I bought a Titan Industries adapter for the 5075M to go from Euro to skid steer accessories.

It was pretty rough, we had to cut it and widen plus grind all of the surfaces before it would fit any skid steer forks or buckets. I'm not very impressed with their program.


----------



## JD3430 (Jan 1, 2012)

What was the cost for adapter ifn you don't mind me askin?
I have my eyes on a couple small power shifts from CA. Both have euro. QA. Stealer wants like $1,000 to replace with SSQA.
I thought it might be easier to remove euro QA and install SSQA, then sell euro on CL?

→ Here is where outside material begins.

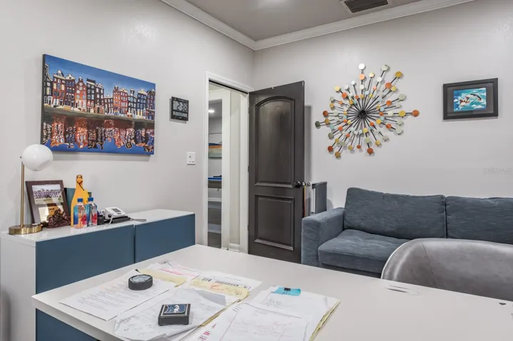 Well-appointed office space in the heart of St. Petersburg, offering a modern and boutique style for a variety of uses. This versatile property features 5 private office suites – 2 large enough for 2 desks each- a welcoming reception area, and a newly updated kitchen for staff convenience. The space includes 1 full bathroom and 1 half bathroom, providing comfort and efficiency for employees and clients alike.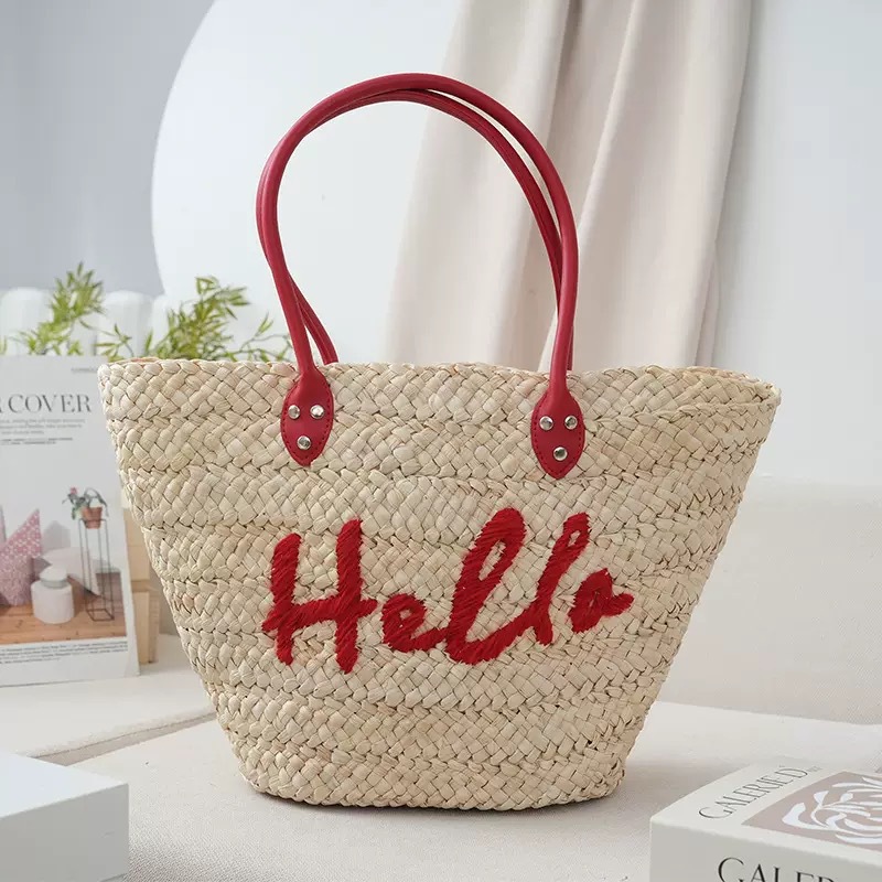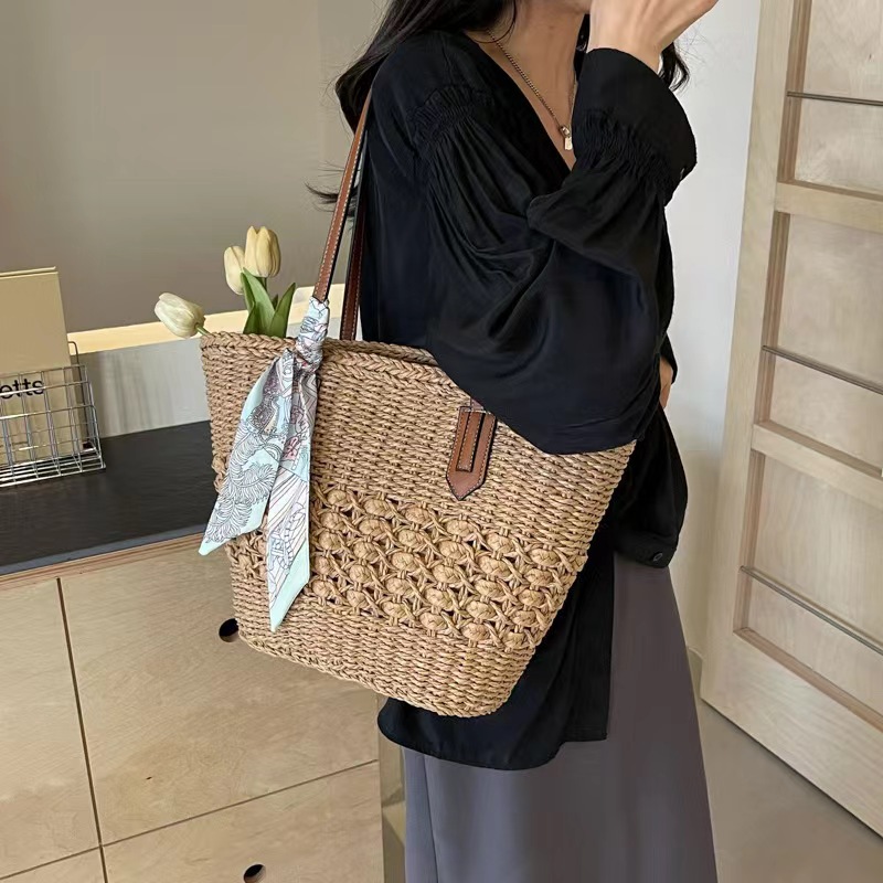 大容量編み女性バッグ天然トウモロコシ皮フランス式怠惰風シングルショルダーバッグ

If there's one thing I would have done different, it's that I would have had tractors built with euro QA. Looks like a easier, better setup.


----------



## azmike (Jan 4, 2015)

The adapter was $289 delivered. I also ordered just the hardware so we could build our own hay spear.


----------



## JD3430 (Jan 1, 2012)

Does having the adapter on top of the euro hitch make it seem flimsy? Or stick out real far beyon loader arms thereby lowering lift capacity? 
Sorry about your troubles, this topic really is interesting. I may be in same situation as you""


----------



## Gearclash (Nov 25, 2010)

River Valley Machine of Dubuque IA makes a nice semi finished SSQA plate. You build brackets to suit. Maybe they have a fully finished version? The moving parts are cloned or sourced from Case 400 series so they are readily available. I have a cost of $355. They have an eBay presence but will give you a better deal if you contact them directly.


----------



## mx113 (Jul 20, 2011)

I bought the same adapter last year. Hands down the worst attachment I own. Took a lot of grinding to make it accept any attachment. Locking levers just fall down on their own. My first and last purchase from that outfit.


----------



## 8350HiTech (Jul 26, 2013)

I realize that it seems all online reviews are negative but a quick Google search suggests buying something from them is a crapshoot. I'd consider you lucky that you were at least able to make it work eventually.


----------



## JD3430 (Jan 1, 2012)

I knew when I responded to AZMike's original post that I recognized that name...Titan.

I remember buying a 84" grapple bucket from Titan like 10 years ago.

Delivered with the wrong hydraulic couplers. Then when I went out to get correct flat face couplers, it had "british pipe thread" fittings. Drove the hydraulic shop a little crazy with that...

Then after I got it set up, I remember first day we hooked it up, we were using it to remove brush we cut along a field and put it into a tri-axle. First time I dumped the bucket and opened the grapple, the whole grapple bucket fell off the loader into the triaxle.

Bitch of a time pulling it out and getting it reconnected.

I swore them off my list forever, too.


----------



## azmike (Jan 4, 2015)

Once we adjusted the width, plasma cut and ground rough welds and tightened the retaining arm we saved a couple of bucks and a day of shop time building our own adapter. I would not seek out this company's products again.... but for $289 it will work OK.

We are just too busy to load up more projects. With the forks on we are moving many welded corners and H braces for the rotational pasture fencing. JD3430, it seems stable enough.


----------